Sustaining new behaviour
“Our primary task is to establish a solid scientific basis to answer the most important questions. We are looking for the mental factors that have an impact on behaviour. To a very large degree, it is about well-being. All these factors together help us maintain this new behaviour.”
“The Corona Behavioural Unit at RIVM is made up of a core team of five people, plus another fifty or so who are involved in the Behavioural Unit but who are assigned across various different work packages. We also have fifteen professors with expertise in the behavioural sciences on an independent Scientific Advisory Council that advises us.”
“Behaviour is familiar territory for RIVM. In the Centre for Healthy Living, for example, we have been relying on behavioural research for years, using that knowledge to promote health.”
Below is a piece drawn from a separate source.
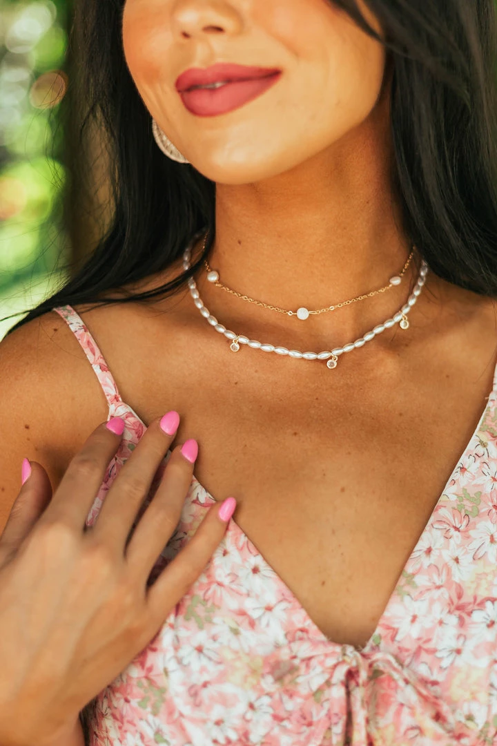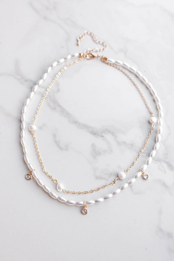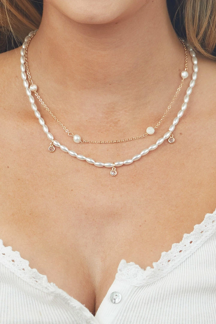 - Gold Faux Pearl Beaded Layered Necklace
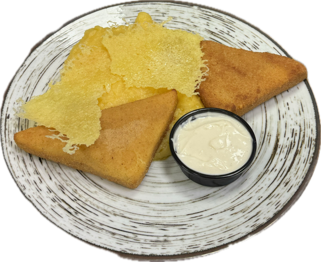 2db rántott trappista, cheddarsajtos burgonyapüré,sajt ropogós,50ml tartármártás.

“In this Behavioural Unit, what we want to do is take that behavioural expertise to the next level. Right now the most important thing is the behaviour surrounding the novel coronavirus. But behaviour is a part of so many of the societally relevant solutions that RIVM is engaged with. Infectious diseases, climate, healthy lifestyle – so much is tied into behaviour.”
The sense of threatening danger from the novel coronavirus is declining. People are feeling less anxious and despondent than in the initial phase of the coronavirus pandemic. Compliance with hygiene measures, such as frequent hand-washing and sneezing into the elbow, remains stable. Staying 1.5 metres apart is growing more difficult, and that includes visits in the home. Many people with cold symptoms indicate that they are not staying indoors or do not plan to get tested. However, if they themselves or their household members were to test positive for COVID-19, many people are willing to go into home isolation for two weeks.
This was clear from the third behavioural study conducted by RIVM and the regional public health services. These insights help the government to provide better support and information to citizens.
Some 60,000 people are taking part in this study, which is repeated five times (at three-week intervals).